(Data records)
== Segment start ==

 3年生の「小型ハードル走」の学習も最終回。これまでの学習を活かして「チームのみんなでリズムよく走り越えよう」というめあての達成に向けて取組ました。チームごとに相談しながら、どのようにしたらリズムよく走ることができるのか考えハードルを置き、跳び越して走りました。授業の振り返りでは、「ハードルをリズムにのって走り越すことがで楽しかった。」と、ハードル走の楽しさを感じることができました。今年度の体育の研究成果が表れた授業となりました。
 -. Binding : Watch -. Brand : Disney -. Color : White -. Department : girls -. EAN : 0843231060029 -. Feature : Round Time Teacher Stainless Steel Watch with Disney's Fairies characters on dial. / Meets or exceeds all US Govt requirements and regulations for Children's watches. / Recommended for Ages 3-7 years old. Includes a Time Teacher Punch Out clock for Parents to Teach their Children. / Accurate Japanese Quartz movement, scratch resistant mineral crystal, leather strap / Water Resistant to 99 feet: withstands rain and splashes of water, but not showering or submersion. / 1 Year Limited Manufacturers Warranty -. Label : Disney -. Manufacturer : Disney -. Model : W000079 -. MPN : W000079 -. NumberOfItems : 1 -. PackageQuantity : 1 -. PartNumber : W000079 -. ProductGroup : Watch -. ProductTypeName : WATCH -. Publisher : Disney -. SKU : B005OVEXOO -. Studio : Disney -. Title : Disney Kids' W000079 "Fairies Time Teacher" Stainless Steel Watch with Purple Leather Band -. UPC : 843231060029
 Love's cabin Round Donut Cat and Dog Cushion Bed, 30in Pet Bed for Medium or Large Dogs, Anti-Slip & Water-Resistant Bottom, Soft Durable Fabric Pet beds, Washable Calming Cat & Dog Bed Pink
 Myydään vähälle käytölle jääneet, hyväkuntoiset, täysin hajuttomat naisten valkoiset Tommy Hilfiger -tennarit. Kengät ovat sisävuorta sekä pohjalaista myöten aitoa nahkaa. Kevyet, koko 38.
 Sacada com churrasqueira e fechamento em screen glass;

== Segment end ==

DIRECTIONS: The answer should be nothing more than the lines from the one with "Love's cabin Round" through the end of the entries, restated word for word.

ANSWER TO THE PROBLEM:
 Love's cabin Round Donut Cat and Dog Cushion Bed, 30in Pet Bed for Medium or Large Dogs, Anti-Slip & Water-Resistant Bottom, Soft Durable Fabric Pet beds, Washable Calming Cat & Dog Bed Pink
 Myydään vähälle käytölle jääneet, hyväkuntoiset, täysin hajuttomat naisten valkoiset Tommy Hilfiger -tennarit. Kengät ovat sisävuorta sekä pohjalaista myöten aitoa nahkaa. Kevyet, koko 38.
 Sacada com churrasqueira e fechamento em screen glass;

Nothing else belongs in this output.